Glattbrugg/Bologna. Con motori nuovi e sobri nei consumi, un’estetica più raffinata, la tecnica perfezionata nei dettagli e l’offerta di allestimenti ancora più vasta, dal febbraio 2007la Opel Astra sarà pronta per prendere la via del successo. L’intera famiglia Astra, dalla versione cinque porte passando per la Caravan e la sportiva GTC tre porte e fino alla dinamicamente elegante Cabrio-Coupé TwinTop, approfitta appieno della cura di ringiovanimento generale. La “prima” mondiale della nuova Opel Astra, che può essere ordinata da subito a prezzi vantaggiosi, quasi invariati, a partire da 21'150 franchi (Astra 1.4 Twinport 5 porte, 5 marce), avrà luogo al Bologna Motorshow (7 – 17 dicembre). Dall’inizio della commercializzazione, nel marzo 2004, della terza generazione Astra sono stati venduti più di 1,2 milioni di esemplari. Questa vettura assume quindi un ruolo di leader nel combattuto segmento delle compatte e nelle statistiche delle immatricolazioni a livello europeo. La bestseller si presenterà in futuro con dieci diverse versioni di motorizzazione, da 90 a 240 CV.

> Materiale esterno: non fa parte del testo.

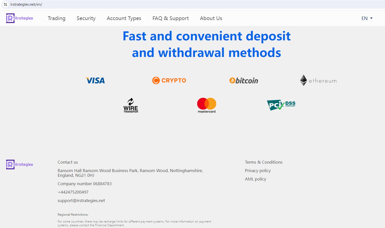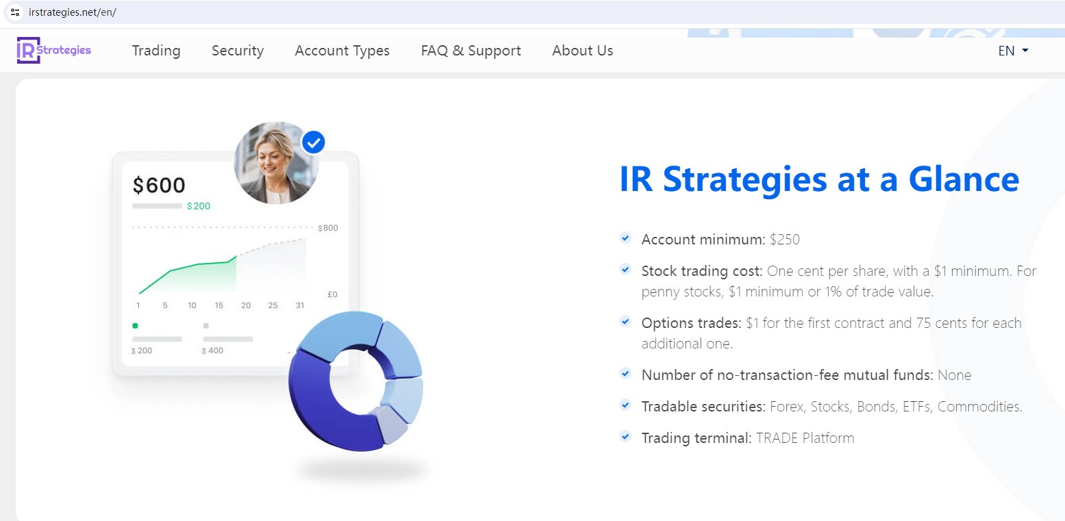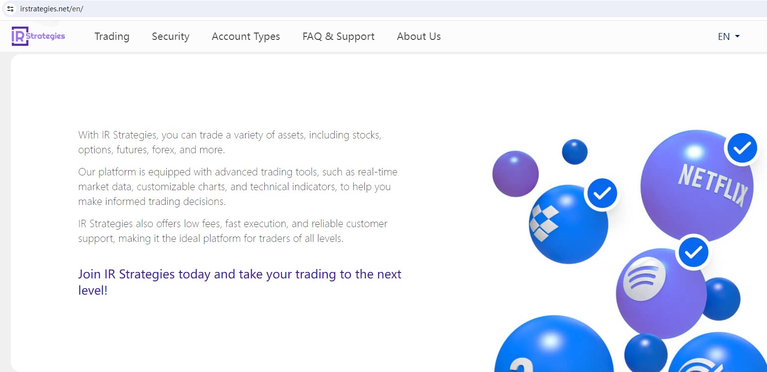 IR Strategies claims to be a online trading broker located in the UK, Offering Wide range of financial services, including stocks, options, futures, forex, and more instruments in global markets.
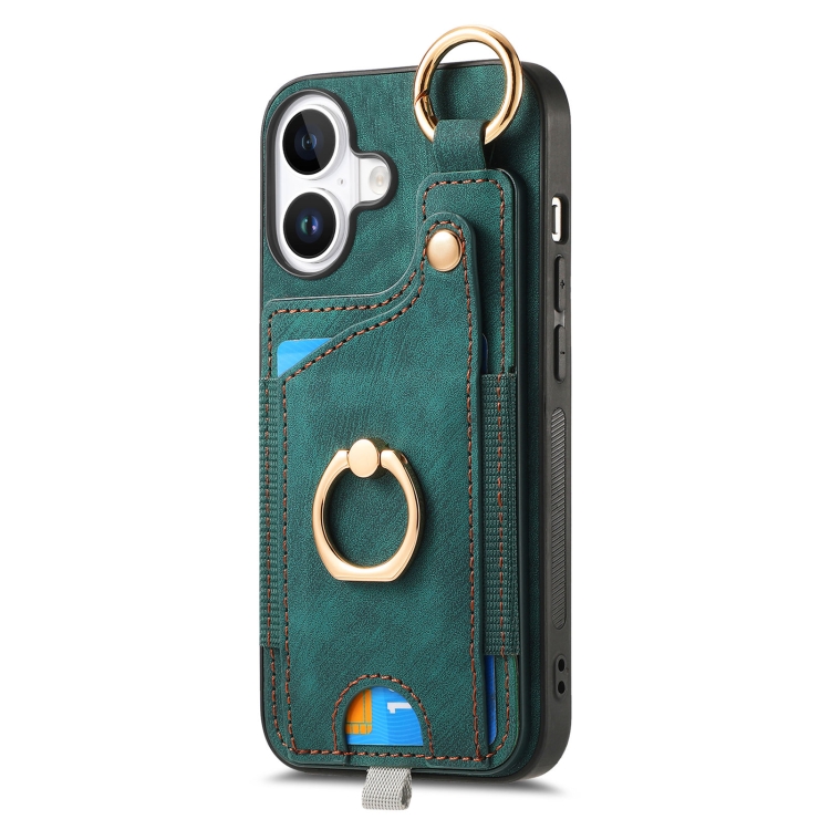 Funda para Teléfono Apple iPhone 16 con Anillo Tarjetero Asa Estilo Retro (Verde)
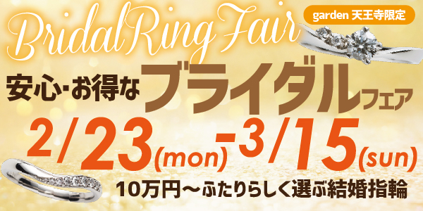 ふたりらしく選ぶ結婚指輪。garden天王寺で安心・お得なブライダルフェアを開催中
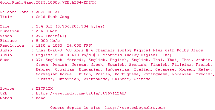 | YTS | Gold.Rush.Gang.2025.1080p.WEBRip.x264.AAC5.1-YTS OpenSubtitles | 0 fichier |

„Per noi, la Astra, il numero uno dei modelli di gran serie, che può imporsi con successo sul mercato contro una concorrenza agguerrita, assume un’importanza notevole. Di conseguenza, la sua nuova edizione è stata oggetto, da parte nostra, di cure e attenzioni particolari. Risultato: un’auto da cima a fondo estremamente attrattiva e perciò di grande successo, che ha acquisito adesso un valore ancora maggiore. L’incremento in fatto di prestazioni, economia, comfort, sicurezza e pretesa, ben percepibile da parte del cliente, contribuirà a rafforzare ulteriormente la posizione della Astra in Europa.“

Carl-Peter Forster, presidente GM Europe


Nuovo programma di motori: maggior potenza e minor consumo
Con i due nuovi propulsori a benzina di 1,6 litri, il programma Astra è completato con efficienti alternative di motorizzazione. Questi motori dispongono già ora dei requisiti necessari per rispettare i valori limite imposti dalle future e severe norme sulle emissioni.
Per il nuovo 1.6 ECOTEC, di 85 kW/115 CV, l’aumento di dieci CV di potenza rispetto al motore di base 1,6 litri TWINPORT (77 kW/105 CV), montato finora, e la coppia motrice aumentata di cinque newtonmetri, assicurano prestazioni su strada ancora migliori. Esso permette alla Astra GTC di scattare da fermo a 100 km/h in 11,6 secondi e di raggiungere la velocità massima di 193 km/h. Questo propulsore, dal peso ottimizzato, è dotato di tecnologia „Cam-Phase“. Si tratta della fasatura dei due alberi a camme, adeguata alle condizioni di marcia mediante un regolatore a palette azionato idraulicamente. In questo modo, la fasatura delle valvole del lato immissione e di quello di scarico viene conformata dinamicamente alle condizioni di funzionamento del momento. Questo permette di ridurre ulteriormente i consumi e le emissioni. Sulla versione cinque porte di 115 CV, con cambio robotizzato Easytronic cinque marce, attraverso gli iniettori passano solamente 6,5 litri di super ogni 100 chilometri.
Un altrettanto impressionante divario fra prestazioni ed economia è la caratteristica principale del nuovo 1.6 turbo, di 132 kW/180 CV, che prende il posto del 2,0 litri turbo (125 kW/170 CV). Pur permettendo prestazioni superiori (velocità massima della Astra GTC: 223 km/h; scatto 0 - 100 km/h: 8,2 secondi), il turbomotore, più leggero, si accontenta in media di 7,7 litri ai 100 chilometri. Questo significa un’economia di 1,3 litri di benzina super rispetto al motore di riferimento e anche un minor consumo totale di oltre 13 per cento.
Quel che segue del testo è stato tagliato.